As a film released in 1968, 2001: A Space Odyssey offers a look into the future, and “has something important to say about humankind, and where the human race is heading in terms of our increasing reliance on machines and our unquenchable thirst to discover” (“2001: A Space Odyssey”). Because of its use of distinct details, such as those of space travel and talking computer assistants, 2001 is a movie well ahead of its time. A monolith is placed on the earth 4 million years ago, and each time it is found signifies the next time in human evolution. Through the presentation of three chapters over time, the race to the monolith is shown; first between man and animal, then man and machine, and finally beyond the infinite. In the first chapter called “The Dawn of Man”, the monolith is discovered and after touching it, man-apes discover what a weapon is and how to use it; they are no longer apes, they are now man. 4 million years later, the movie transitions to a space station where the monolith is seen for a second time. In “Jupiter Mission 18 Months Later” and finally “Jupiter and Beyond the Infinite”, the monolith continues to be explored with new technologies, such as the talking computer HAL. The film often relies on blank screens, sound effects, and music to convey emotions such as fear, awe, and mystery, rather than use dialogue. 2001: A Space Odyssey is a look into a world where technology – man’s creation – is superior to man itself.

Throughout 2001: A Space Odyssey, the topics of artificial intelligence and space travel are explored. Artificial intelligence is shown through the character of HAL, who controls the voyage to Jupiter. The film was released nearly 50 years ago, but artificial intelligence was in the works even before than that – since the 1950s. Artificial intelligence is “a subfield of computer science that is concerned with the representation, study, and automation of knowledge and intelligent reasoning” (“Artificial Intelligence”) and includes subjects such as speech recognition, robots, and computer vision, along with many other things. It was most likely created at a conference at Dartmouth College in 1956. The four “fathers” of artificial intelligence had attended – Marvin Minsky, John McCarthy, Herbert Simon, and Allen Newell. Three of them went on to form artificial intelligence labs at universities. These four, along with the other researchers who attended, helped start and make the field of artificial intelligence grow (“Artificial Intelligence”). Alan Turing, a British mathematician, was another researcher who contributed to artificial intelligence. In his 1950 paper “Computing Machinery and Intelligence”, he created a test which measures the behavior of artificial intelligence. His test consisted of the machine and a human being interrogated separately, through written questions and answers. If the interrogator cannot distinguish between them, then the machine is considered to be intelligent. Although a computer has yet to pass this test, his test has provided some useful insight into what the word “intelligence” means exactly (“Artificial Intelligence”). Lastly, Computer Assisted Instruction, which is “the use of computers and software applications to teach concepts or skills” (Puthawala), is another form of artificial intelligence, and was seen in large companies around the time of the film’s release. The International Business Machines Corporation, also known as IBM, began making instructional computer systems from minicomputers in the 1960s. They were designed for military and universities and were contained in large trailers which could be hauled around as needed. Clearly, artificial intelligence was a prominent topic at the time 2001: A Space Odyssey was released.
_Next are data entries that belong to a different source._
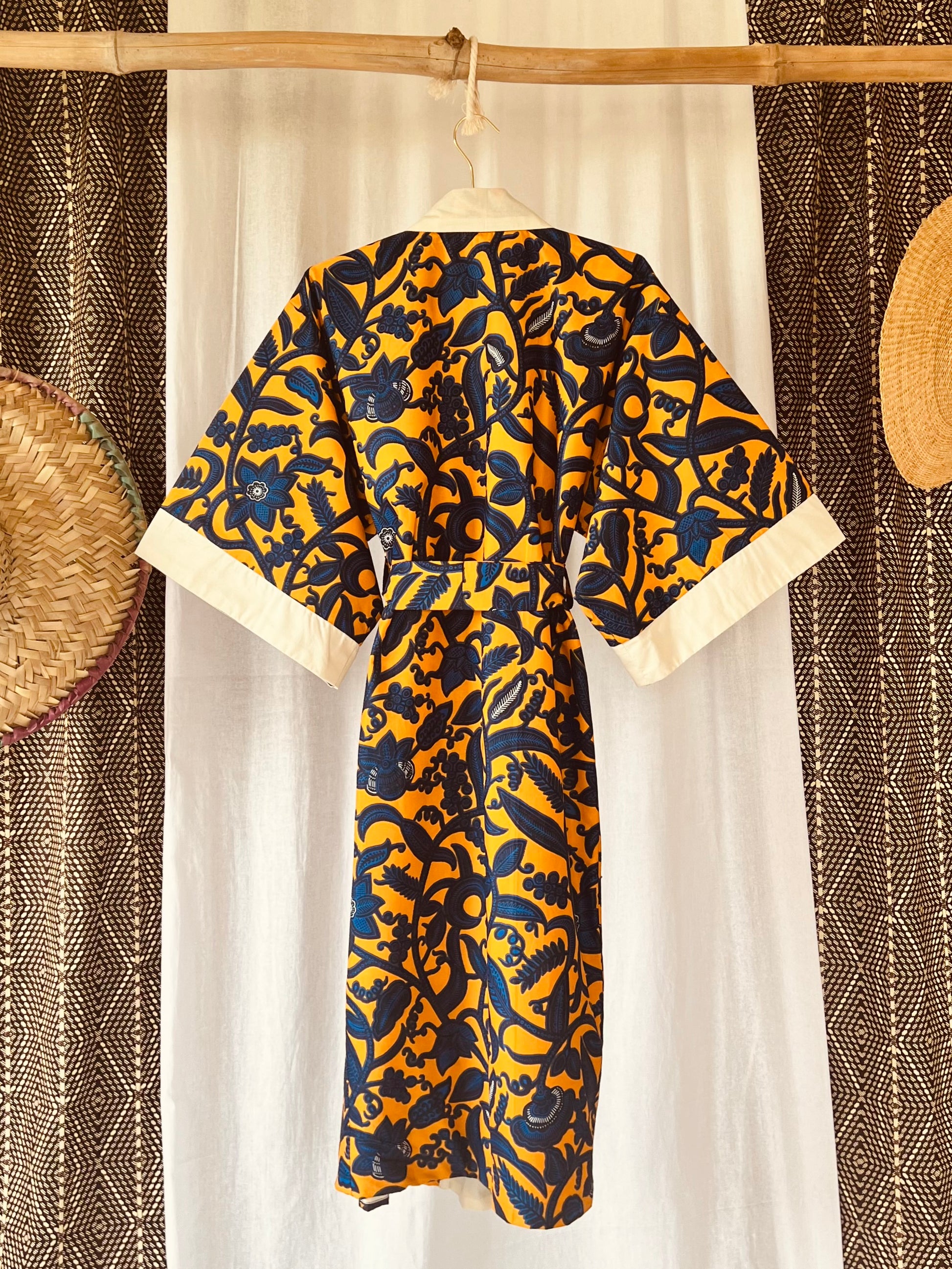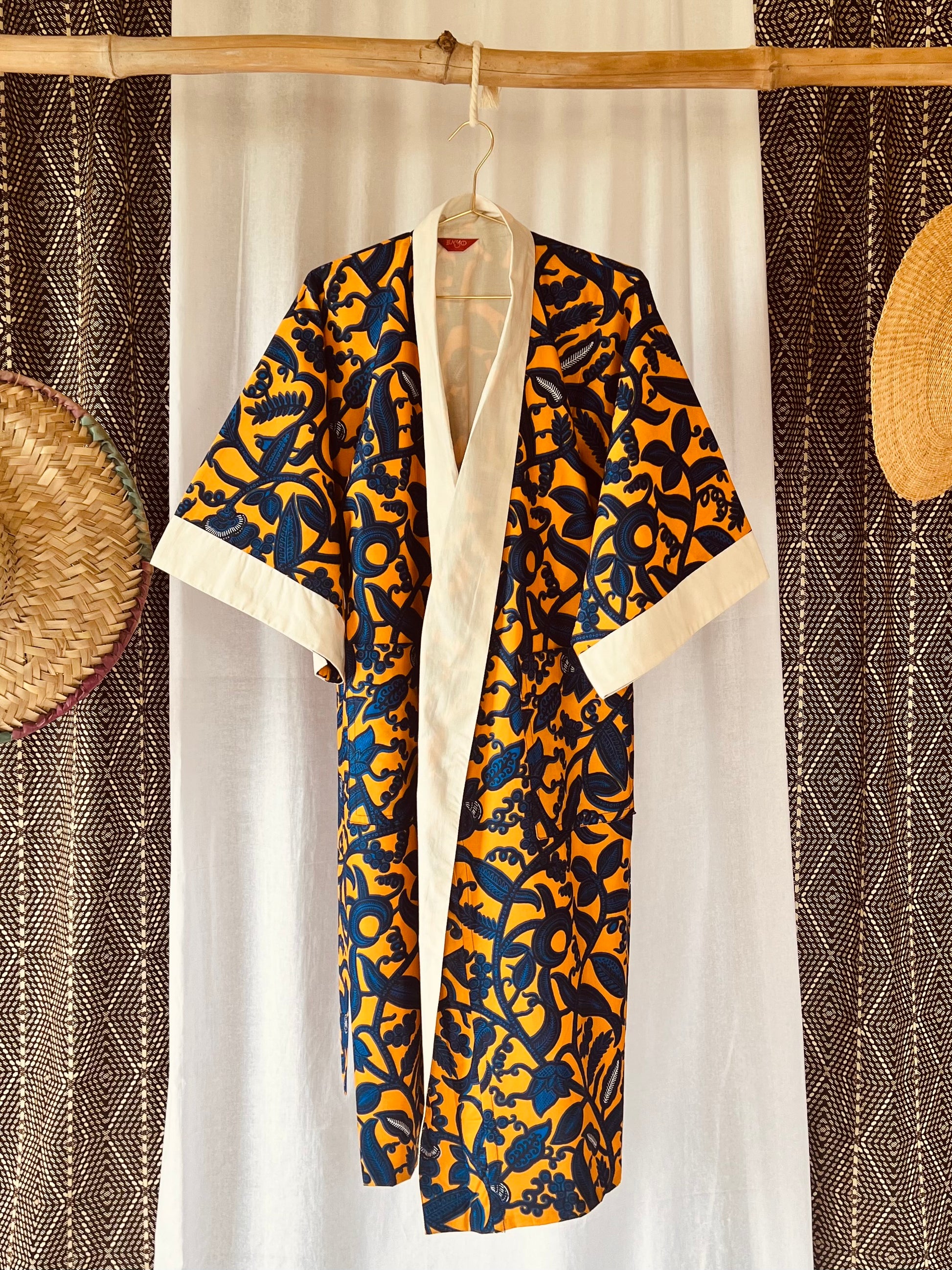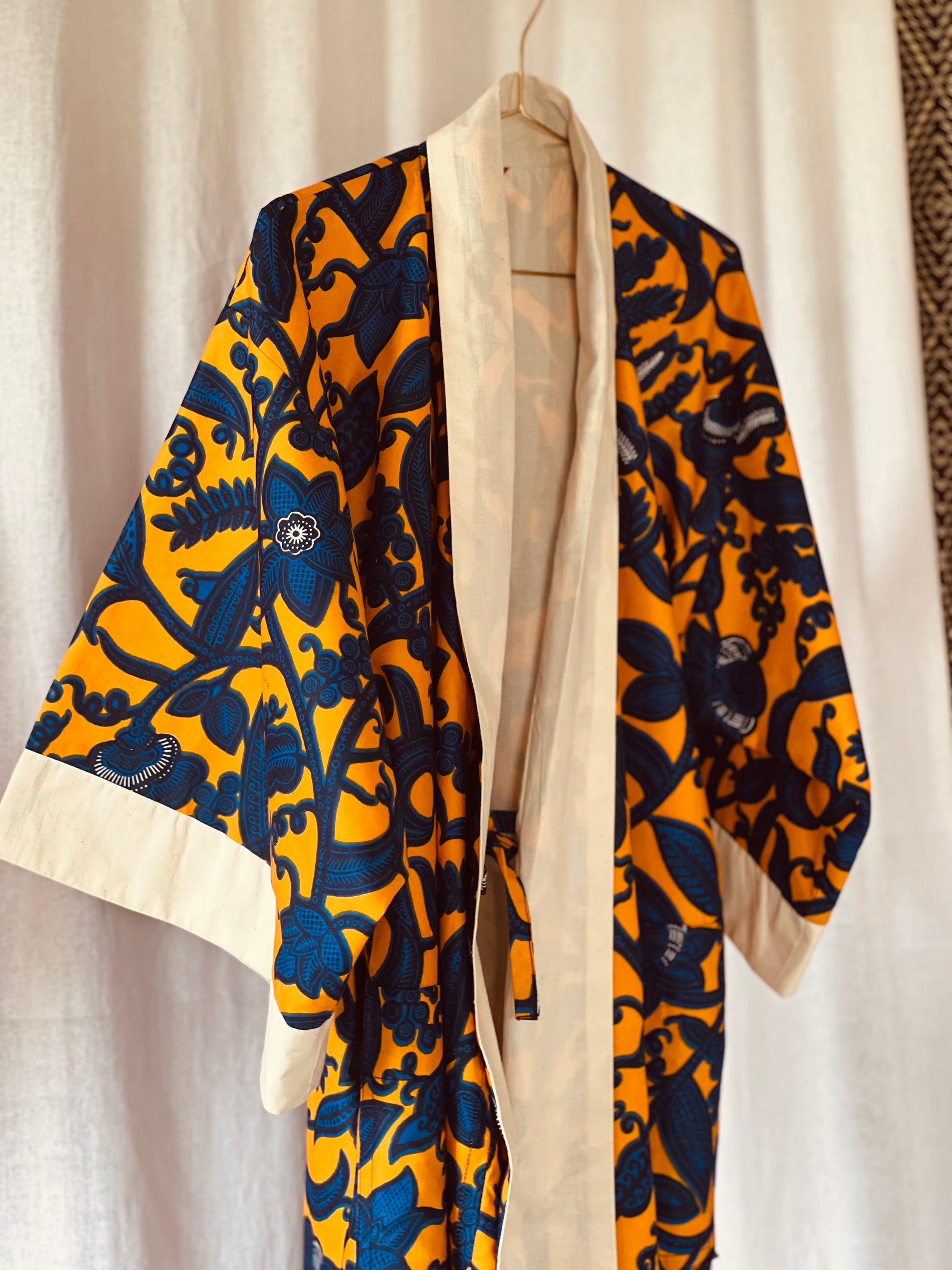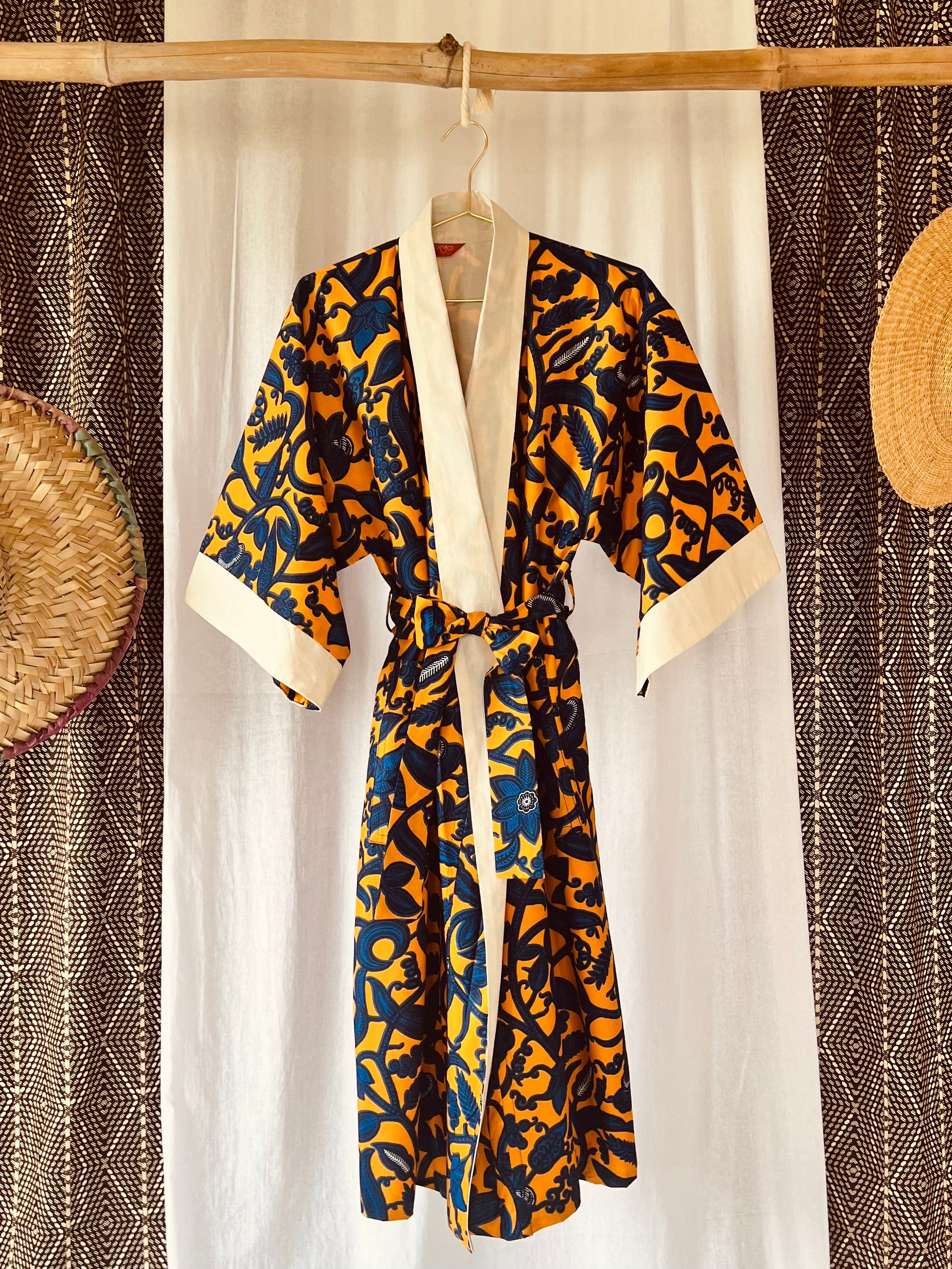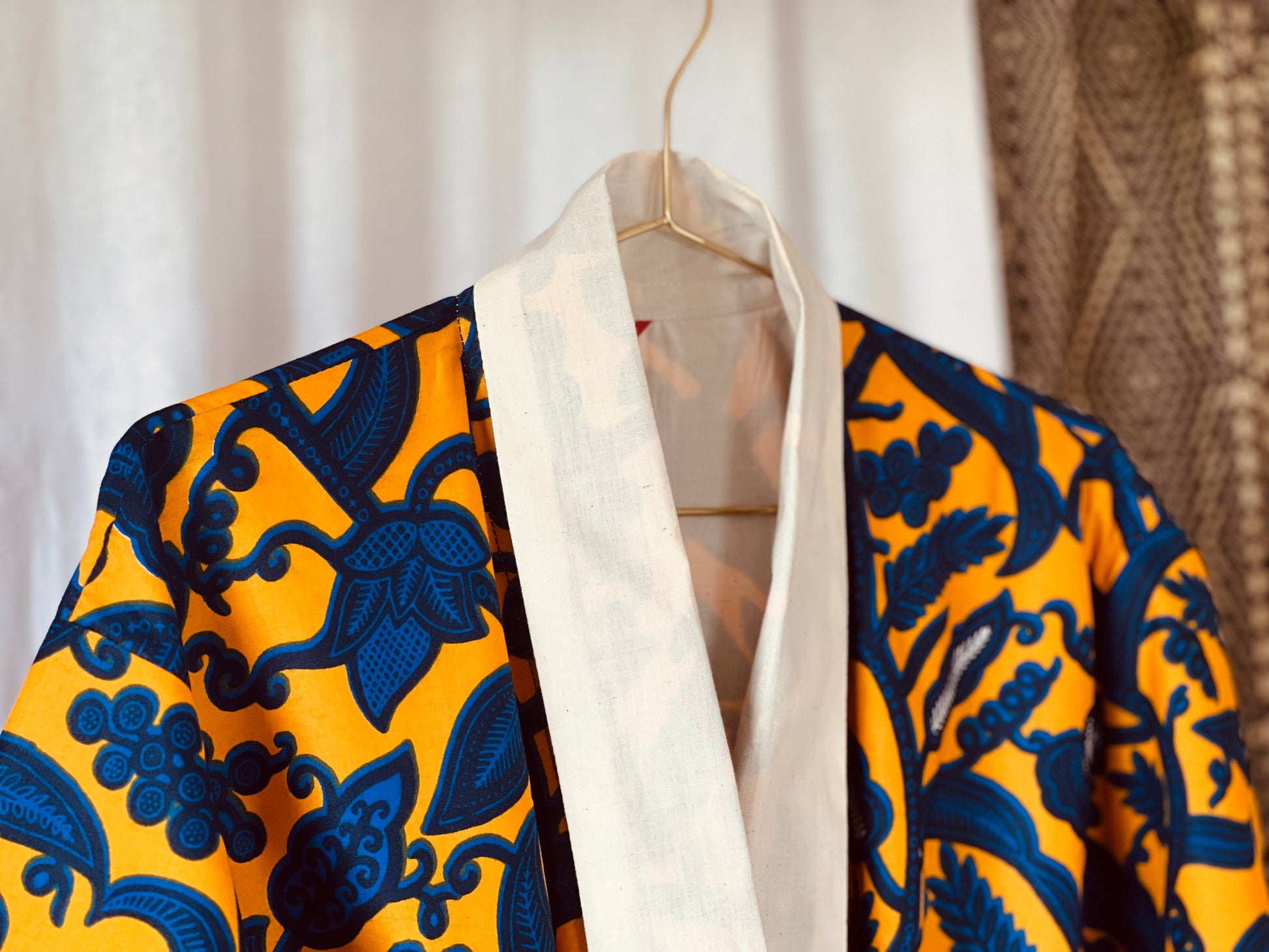 Atme tief durch, fühle dich wohl und sehe stilvoll aus in dieser Robe aus reiner Baumwolle. Unser „Rise and Shine I“-Afrikimo ist die perfekte Mischung aus African Print und natürlicher Baumwolle. Er kombiniert ein luftiges Gefühl mit genau der richtigen Menge an Wärme, die durch den doppellagigen Look entsteht. Der lebendige Druck in Blau und Mangogelb verleiht deinem Raum eine frische und belebende Note – perfekt für alle, die natürliche Akzente lieben.
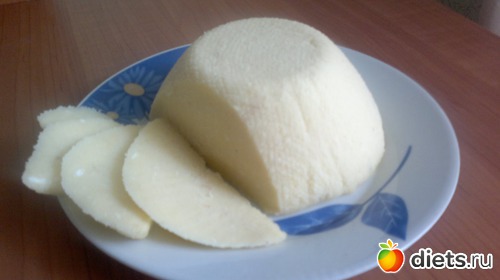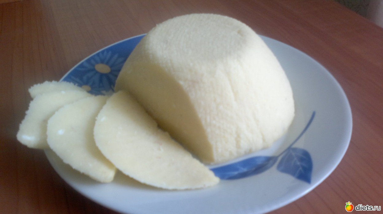 взять творог и варить его в молоке (разомну все комочки, до однородной массы), потом добавляю воды. варить 10-15мин, постоянно помешивая. параллельно растопить масло +кубик +сода. отставляю в сторону +яйца, размешать. творог откинуть в сито, дать стечь и на огонь в подготовленную смесь из яиц и масла. здесь можно добавить зелень, специи... все что пожелаете. сначала масса увеличивается в размере, потом опадает. готовите 10 мин, постоянно помешивая. здесь она становится похожей на сыр. потом в глубокую миску марлю (чтоб легче было вытащить потом) и получившуюся смесь. остынет и в холодильник.
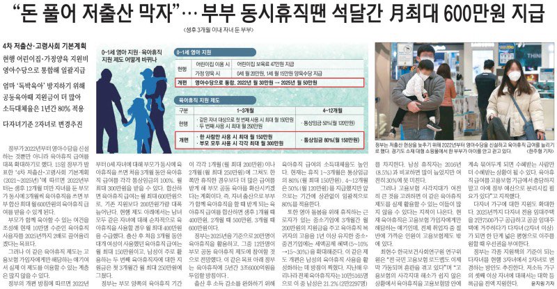 ● 자녀 출산 뒤 부부 동반휴직땐 월 최대 600만원 준다
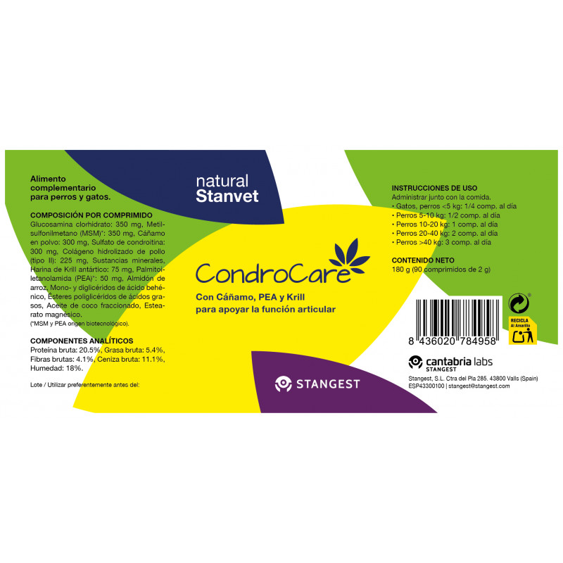 Stangest Condrocare para Perros y Gatos CAPACIDAD 90 uds
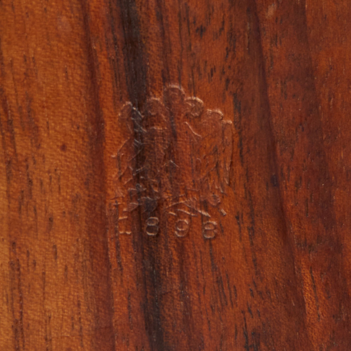 To the left of this is serial number K 7439, which is also stamped on the trigger guard, and the left side of the stock, as is correct. The shortened serial number 39 is present on many of the smaller components, as is correct. The bolt has non-matching number E 8968, having been swapped out at some point. The chamber has a crisp Chilean coat of arms marked on it, and there is even a crisp Chilean coat of arms Cartouche on the left side of the butt stock over a date of 1898.
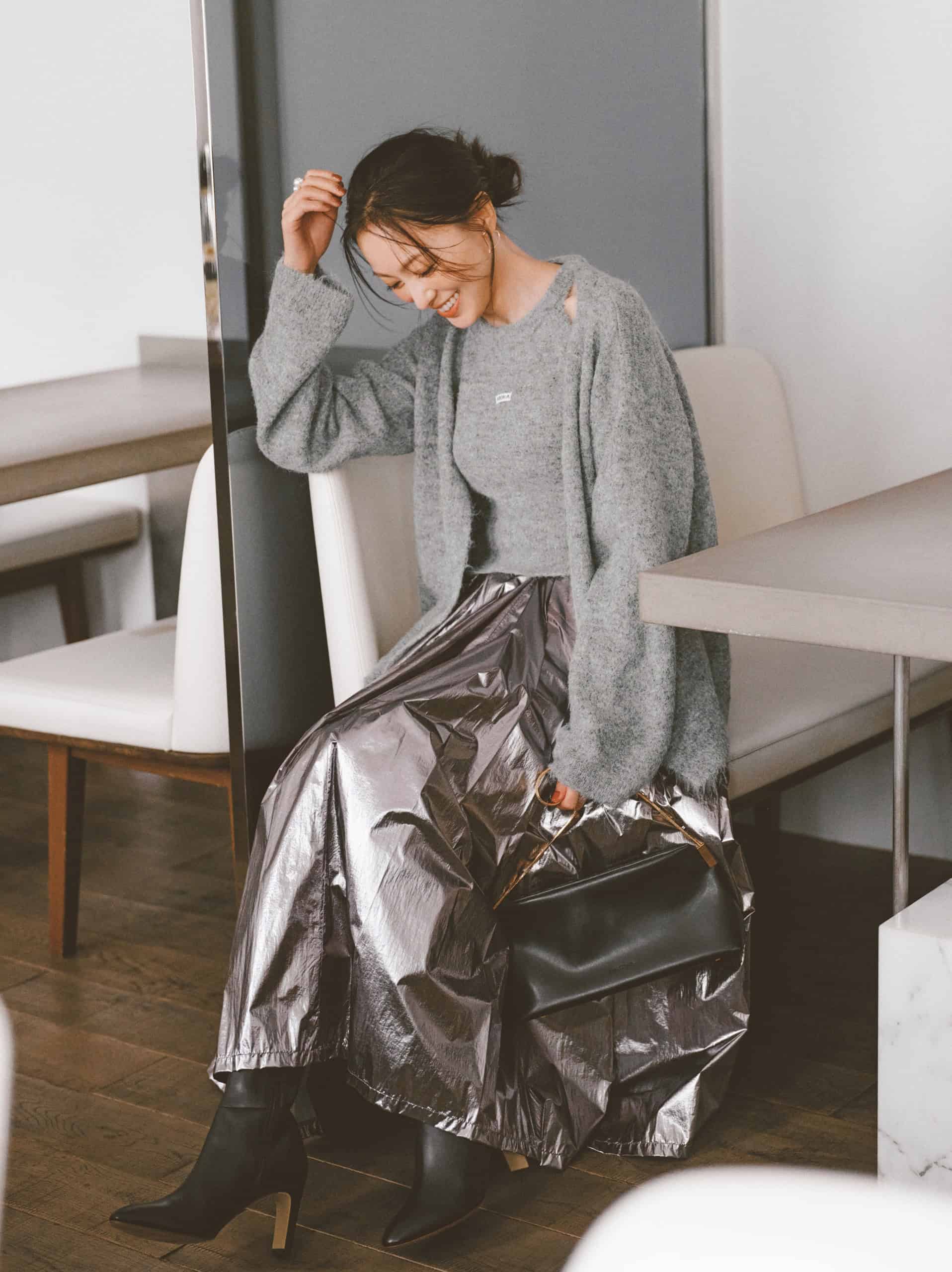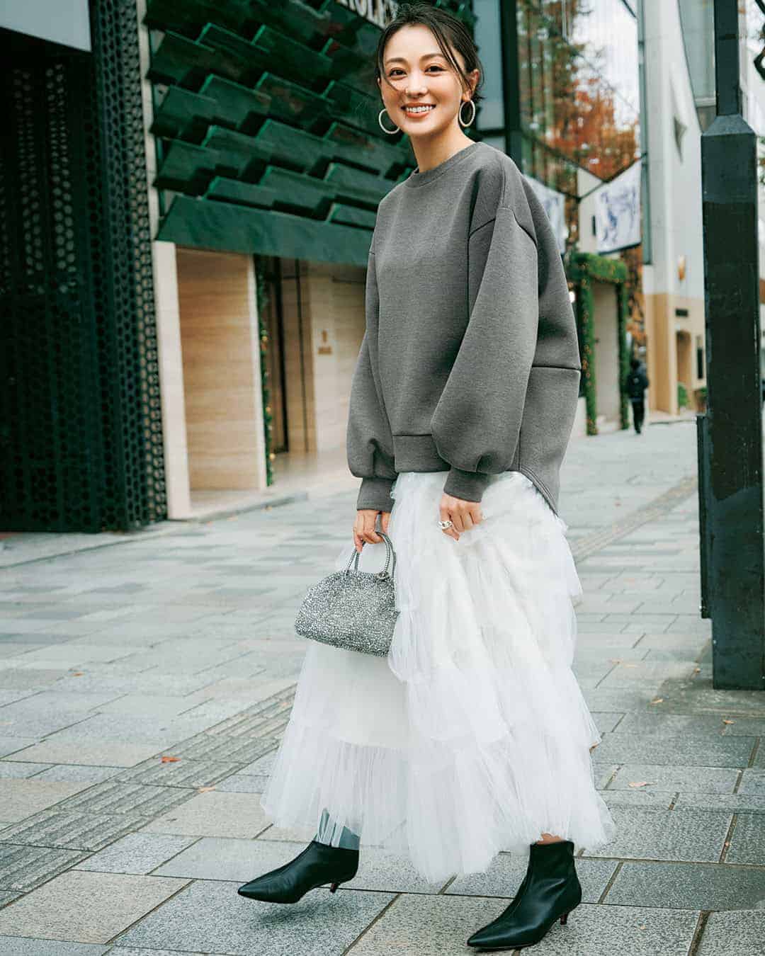 スウェット¥13,200(スパン)スカート¥38,500(HER.)バッグ¥77,000(アンテプリマ/アンテプリマジャパン)ブーツ¥15,950(ル タロン/ル タロン ルミネ有楽町マルイ店)ピアス¥12,100リング¥9,900(ともにワンエーアールバイウノアエレ/ウノアエレ ジャパン)

The film also discusses space travel, as characters go to places such as the Moon and Jupiter. Beginning in 1959, the Mercury Program began the period of sending people to space through a series of test flights. It was formed by the National Aeronautics and Space Administration, better known as NASA. The program signified the United States’ entry into the battle against the former Soviet Union – the space race. In 1961, the first piloted space flight was made by a Soviet astronaut. President John F. Kennedy then “vowed that not only would the United States match the Soviet accomplishment, but that by the end of the decade the United States would put a man on the Moon” (“Mercury Program”). The Mercury Program quickly began to assemble a space capsule, which could only fit one astronaut at a time. The program began with test flights; then, a chimpanzee was sent and returned unharmed. After this, humans were ready to go into space. The first piloted flight was in May 1961 and flights continued through the program until 1963 (“Mercury Program”). Finally, in 1969, the Apollo 8 reached the Moon and images of Neil Armstrong and Edwin “Buzz” Aldrin were sent back to Earth. With the Moon landing, “The dream of the slain President Kennedy is achieved” (Baughman et al.), as the United States had gotten a man onto the Moon before the end of the decade; however Kennedy was not alive to witness it. Overall, space travel was another active topic during the time of 2001: A Space Odyssey.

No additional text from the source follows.